И в Переделкино — тревога. Почти полтретьего, а мы куда-то исчезли. Гости должны нагрянуть к семи часам, времени всего ничего. Вася ворчит, нагревает духовку, ставит туда противень с поросенком, обмазанным сметаной. Услышав, что Кира открывает дверь, встречает нас поцелуями и слезами.
— Что-то больно сентиментальным ты стал, мой друг, раньше такого за тобой не водилось, — говорит Толя.
Вася за словом в карман не лезет:
— Это я жалею бедную девочку — в чьи руки она попала! Бедная крошка, бедная крошка!
Наконец все в сборе. Садимся за стол.
— Горько! — кричат нам. — Горько!
Встаем со своих стульев, целуемся. Тамада — Сухаревич. Тосты его искрометны. Кроме того, у него есть несколько замечательных историй, я их слышала раза три, Толя — наверное, сто три. Но вот Вася выбирает себе жертву, глядит на нее, как будто даже движется к ней, и все лица тут же поворачиваются в ту сторону, а человек понемножечку вжимается в стул. И не важно, что все было придумано когда-то давно, слушается как экспромт, и гости буквально валятся на пол от смеха.
С тостами прорваться почти никому не удается. Сухаревич окрылен успехом, говорит не переставая. Следующая новелла, еще одна, еще одна…
Единственный человек, который мог отрезвить Сухаревича, был бы Алик, Толин старший сын, но он с женой Наташей где-то в отъезде, маленькая Маша на попечении бабушки, Толиной первой жены Аси. Я третья жена. «Любимая», — обычно добавляет Толя.
Алик сам хороший говорун, сам умеет травить всякие истории. Возможно, ему бы удалось переговорить Сухаревича. А возможно, и нет, ведь недаром говорится: «Старый конь борозды не испортит». Послушать их вместе было бы даже интересно. Кто кого переиграет: Сухаревич Алика или Алик Сухаревича?

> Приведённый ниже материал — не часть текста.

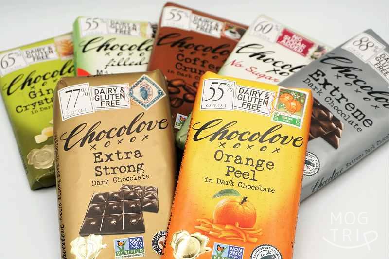「Chocolove(チョコラブ)」のチョコレートは、とにかく種類がもの凄く豊富。フレーバーが充実していることはもちろん、低カカオ・ハイカカオのものも充実しているので、食べ飽きることもありません。
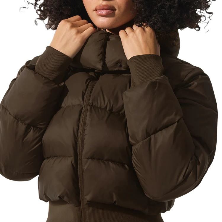 เสื้อแจ็คเก็ตพัฟเฟอร์ผู้หญิง OEM สำหรับฤดูหนาว เสื้อคลุมกันหนาวแบบเย็บติดกัน น้ำหนักเบา เหมาะสำหรับการผลิตภายใต้แบรนด์ส่วนตัว

Вот что пишет о своем сыне Толя в «Романе-воспоминании»:
«У Алика было много друзей, всегда он кому-то был нужен, всегда кому-то помогал, красивый, остроумный, веселый, любил застолье, ресторан ЦДЛ, прекрасный рассказчик, писал неплохие статьи, мог бы писать и прозу, но не хватало целеустремленности, работоспособности, чем в избытке обладали его отец, жена и дочь Маша.
Алик болел печенью, я возил его к врачам, они требовали, чтобы он изменил образ жизни. Но он не хотел его менять, хотел жить так, как ему нравится. В 1994 году в возрасте 53 лет сын мой умер».
Раз уж зашел этот разговор, скажу сразу, рыбаковская семья была вся талантлива. Внучка Маша защитила докторскую диссертацию, полиглотка, объездила много стран, пишет стихи, рассказы и романы, получает литературные премии.
Младший сын от второй жены — Алеша — живет в Германии, тоже защитил докторскую, преподает в университете и тоже написал роман, в русских рецензиях Алешу сравнивают с Марселем Прустом.